The past decade has seen most of midtown New York's night life—the publicized part, anyway—transferred there.
Here are the places where Gotham's cabaret-wise go; the big glitter and glamor joints on the West Side are for visitors only.
However, when the oaf searches for the so-called entertainment district on the East Side, he will not find it. All the patronage is taxi trade—or drop-ins—from the huge neighboring hotels and apartment buildings. There is no East Side Bright Belt.
The East Side is where you find such snooty places as the Stork Club, El Morocco and the Colony; such gay spots as the Copacabana and the Versailles.
Many of the world's finest and most celebrated dining spots snuggle in the section; there are so many, it would be impossible to give even a sketchy list here. One—Chambord—surrounded by tenements and low groggeries, where pheasant breast sells for $16, is regarded the costliest on earth.
Once the term "East Side" connoted poverty. It signified endless miles of filthy streets, lined with rickety tenements in which millions of Europe's dispossessed struggled for a foothold in the land of promise.

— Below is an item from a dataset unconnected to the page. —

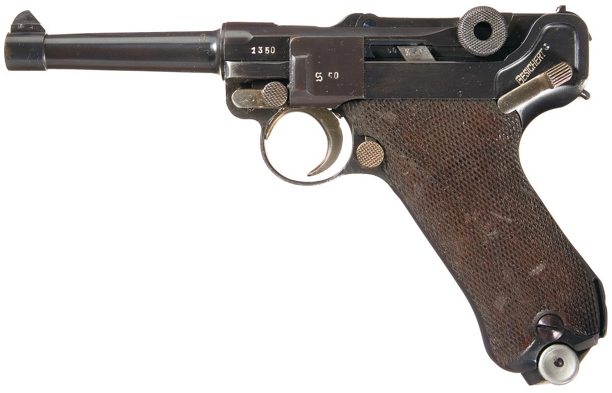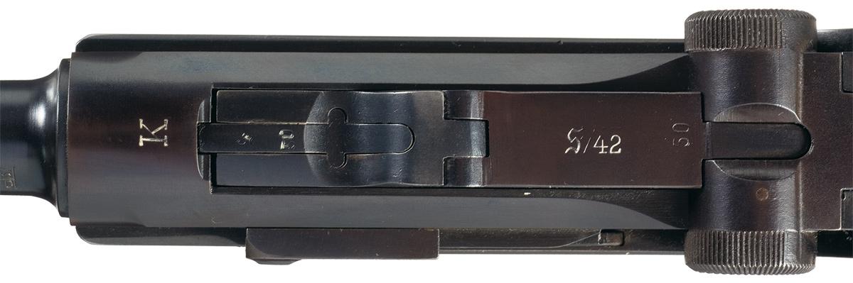 This is a nice representative example of a scarce Mauser S/42 "K" Luger pistol, first sub variation. There were the first actual new production Lugers that were produced after Hitler came to power in 1933 and they used letter codes during 1934 and 1935 to hide initial rearmament of the German military. There were four distinct sub-variations of "K" lugers with approximately only 1700 produced in this first block and they are distinguished by having the early script "S" markings on all the parts. The top of the chamber has the distinctive "K" markings indicating that it was produced in 1934 with the top of the toggle has the script "S/42" proofs indicating manufacture at the Mauser factory. The right side of the barrel extension has the double "O/37" proofs next to the early drooped wing Mauser Eagle proof, with the same markings on the left side and underneath of the barrel. The majority of the small part such as the side plate, extractor, safety ejector, magazine release button and front of the trigger guard also has the correct small script "S" markings. It has walnut checkered grips and is complete with a late style all magazine that is marked on the side "fxo/37/PO8" with the aluminum base that is marked "2/8499".

Of that East Side—the lower East Side—much remains.
Our present excursus deals only with a wonderland of wealth, a unique Mecca of marble and steel with all the world's riches, that lies above 42nd Street, a creation of recent times—a development in the wake of the electrification of the New York Central tracks, and the opening up of miles of priceless and convenient midtown property to exploitation for residences and office buildings.
This East Side cannot be described in one sentence, nor in one book. It is a Manhattan mélange of money and beauty, prodigality and banality, with haunts and hangouts of every description, from pizzerias for truck-drivers to regal retreats.